Prof. Dr. Hakan Leblebicioğlu, hastaların klinik durumunun ağırlaşmadan ilgili merkezlere sevk edilmesinin, tanı, takip ve destek tedavisi açısından önemli olduğunu söyledi.
Ondokuzmayıs Üniversitesi (OMÜ) İnfeksiyon Hastalıkları ve Klinik Mikrobiyoloji Ana Bilim Dalı Başkanı ve Sağlık Bakanlığı KKKA Bilim Kurulu üyesi Prof. Dr. Hakan Leblebicioğlu, hastaların klinik durumunun ağırlaşmadan ilgili merkezlere sevk edilmesinin, tanı, takip ve destek tedavisi açısından önemli olduğunu söyledi.

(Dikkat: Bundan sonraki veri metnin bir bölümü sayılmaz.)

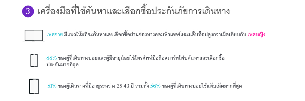 3.มีการใช้เครื่องคอมพิวเตอร์/ แล็ปท็อป และโทรศัพท์มือถือสมาร์ทโฟนในการใช้ค้นหาและเลือกซื้อประกันภัยการเดินทางในระดับใกล้เคียงกัน ผู้ที่เดินทางบ่อยและผู้ที่มีอายุน้อยเป็นกลุ่มที่ใช้โทรศัพท์มือถือสมาร์ทโฟนในการค้นหาและเลือกซื้อประกันภัยการเดินทางมากที่สุด

Son günlerde OMÜ Tıp Fakültesine sevk edilen KKKA şüpheli hastalardaki ölümlerle ilgili AA muhabirine açıklamada bulunan Prof. Dr. Leblebicioğlu, üniversite hastanesinde Sağlık Bakanlığı verilerine göre geçen yıl laboratuvar olgusu doğrulanmış 119 hastadan 9’unun hayatını kaybettiğini bildirdi.
Bu yılın nisan, mayıs ve haziran aylarında ise KKKA ön tanısı ile hastaneye gelen 105 olgudan 38’nin tanısının doğrulandığını ve bunlardan yatarak tedavi gören 3 hastanın hayatını kaybettiğini belirten Prof. Dr. Leblebicioğlu, bir hastanın ise acile geldikten kısa süre sonra öldüğünü kaydetti.

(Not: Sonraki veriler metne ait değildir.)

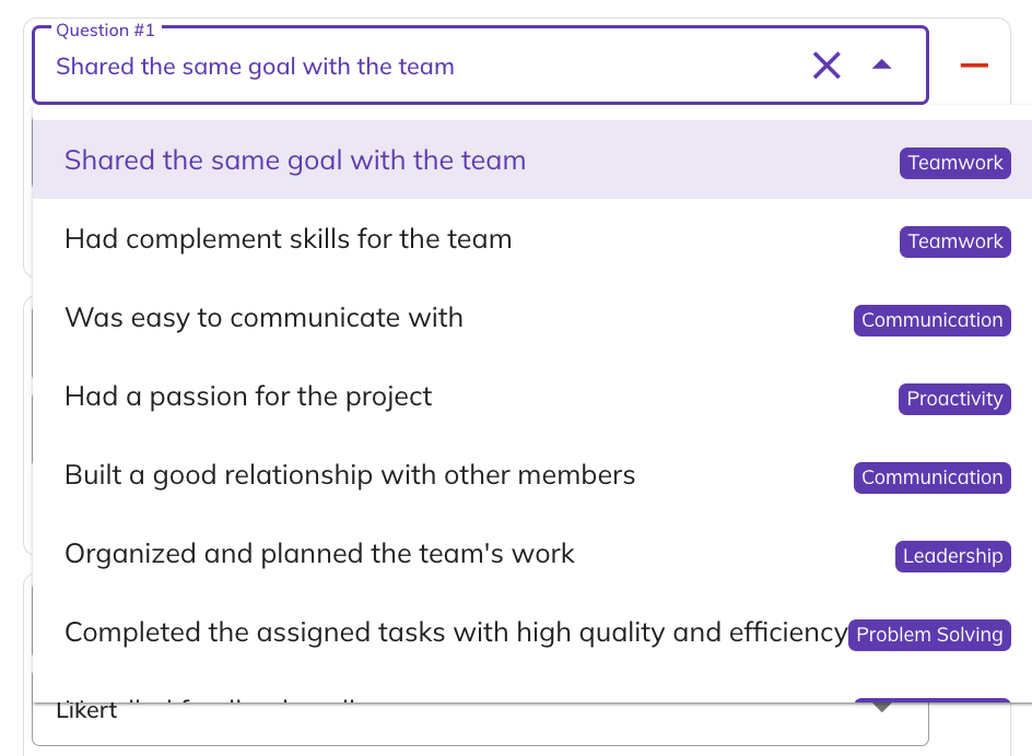 ![]() | If it's a General Assessment, simply add your questions and select a question type: Choice (turn on checkboxes to allow multiple answers), Likert (a 1–5 rating scale), or Text (open-ended responses). |

Özellikle bu yıl hastalığın görüldüğü bölgelerde ikinci basamak hastanelerde yoğun olarak KKKA hastalığı takibi yapıldığını anlatan Prof. Dr. Leblebicioğlu, komplikasyon gelişmiş ya da gelişme riski olan daha ağır vakaların OMÜ Tıp Fakültesi Hastanesine sevk edildiğini vurguladı.
KKKA hastalığında, hastaların klinik durumunun ağırlaşmadan ilgili merkezlere sevk edilmesinin, tanı, takip ve destek tedavisi açısından önemli olduğunu belirten Prof. Dr. Leblebicioğlu, gecikmelerin ölüm riskini artırdığını ifade etti.
”Özellikle geç dönemde başvuran, bilinç değişikliği ve kanama gibi komplikasyonları gelişen hastalarda ölüm riski artmaktadır” diyen Prof. Dr. Leblebicioğlu, bu nedenle bu tür hastaların eğer üçüncü basamak sağlık hizmeti veren bir merkeze sevk edilecekse bunun en kısa sürede yapılmasının hayati olduğunu söyledi.
Bu anlamda KKKA şüpheli hastaların iyi izlenmesinin çok önemli olduğunu belirten Prof. Dr. Leblebicioğlu, şunları kaydetti:
”KKKA olan hastaların bir kısmında ise kene teması hikayesi her zaman bulunmamaktadır. Bu nedenle riskli kırsal bölgelerde yaşayan kişilerde kene tutunma hikayesi olmasa bile ateş, halsizlik, bulantı, kusma ve kanam belirtileri mevcut ise KKKA incelemesi yapılmalıdır. Özellikle hastaların klinik durumu ağırlaşmadan ilgili merkezlere sevk edilmesi, tanı, takip ve destek tedavisinin erkenden yapılmasını sağlayacaktır.”
Prof. Dr. Leblebicioğlu, KKKA’da ana tedavinin destek tedavisi olduğunu, bunun da trombosit desteği, taze donmuş plazma verilmesi, kan transfüzyonu ve komplikasyonlara yönelik tedaviden oluştuğunu da sözlerine ekledi.